Vive l'amour won the Golden Lion award at the 51st Venice International Film Festival. It also won three Golden Horse Awards, for Best Picture, Best Director, and Best Sound Effects, Tsai Ming-liang won Best Director among Edward Yang for A Confucian Confusion, Wong Kar-wai for Chungking Express, and Stanley Kwan for Red Rose White Rose. He received the award from Ang Lee and Tsui Hark. In his speech, Tsai humorously noted that the Golden Horse Awards has the highest number of jury members and is arguably the most difficult award to win.

On AllMovie, reviewer Jonathan Crow praised the film, writing that "[director Tsai Ming-liang] presents Taipei as a soulless, ultra-modern labyrinth where individuals cannot communicate other than in one-night stands or business transactions. The film's style is masterful in both economy and emotional power. With very long takes, little narrative tension, and almost no dialogue, the style reinforces the cold, alienating world in which the characters live."

 In the 2012 Sight & Sound polls it received two critics' votes and three directors' votes.

In a recent review following Vive l'amour's 2K restoration, Film Inquiry critic Lee Jutton praised, "Very few filmmakers portrays the hunger for human connection with as much humor and pathos as Tsai Ming-liang." She concluded her review with the note that, "Even when they are placed in the most absurd situations, Tsai Ming-liang's characters convey feelings so incredibly universal that it’s impossible to not relate to them. Vive L'Amour is one of the best and brightest examples of this; it's never looked better to feel so alone."

Also following Vive l'amour's 2K restoration, Washington Square News Arts Editor Nicolas Pedrero-Setzer described Vive l'amour as "not a mere three-fold character study, but a blown-up portrait of a soul draped in sorrow that Ming-liang generously decided to make into a movie."

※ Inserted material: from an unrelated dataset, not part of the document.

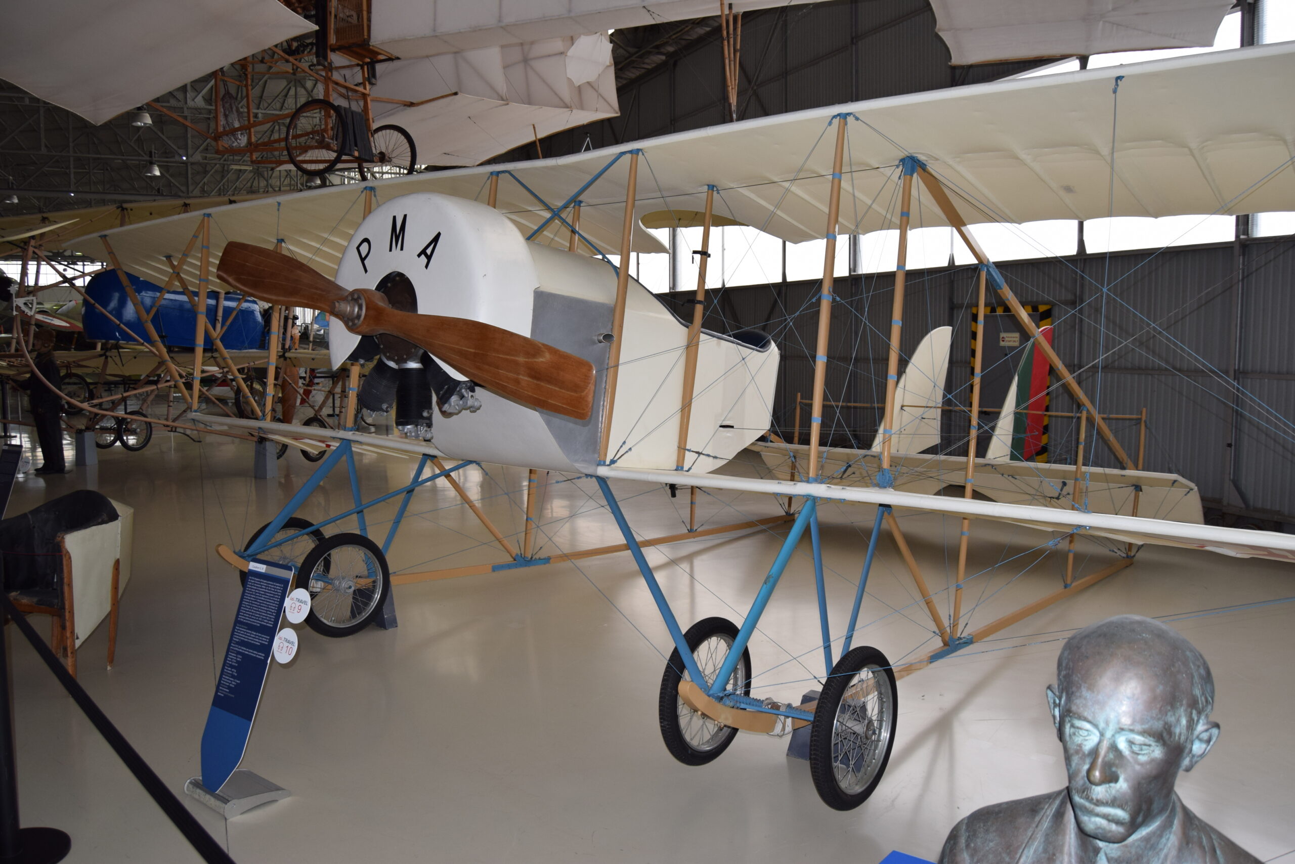 En relación a los aviones expuestos, tenemos como aviones destacables; Junker JU52 (1930), Avro Cadet (1931), DH-87 Hornet (1934), DH-89 Dragon Rapide (1934), Spitfire (1934), DC-3 Dakota (1935), F-86 Sabre (1958). biplano XIV Bis, de Santos Dumot,

A German magazine was not that positive:

"Vive l'Amour - Es lebe die Liebe"

== Legacy ==
On New Year's Eve in 2023—as inspired by a viral Facebook post—a flash mob gathered at Daan Forest Park at midnight to re-enact the closing scene of Vive l'amour. The gathering was seen as being symbolic of the emotions felt by revellers on New Year's Eve (who were seen dancing, crying, and socializing with others); an attendee told CNN that the event was reflective of the belief that "there isn't a uniform way of living and expressing emotions". The following year, the Taiwan Film and Audiovisual Institute organised the gathering as a formal event to mark the 30th anniversary of Vive l'amour and the park's opening; the event featured a screening of the film before midnight, and special guest appearances by Tsai Ming-liang, Yang Kuei-mei and Lee Kang-sheng. The event was attended by around 2,500 people.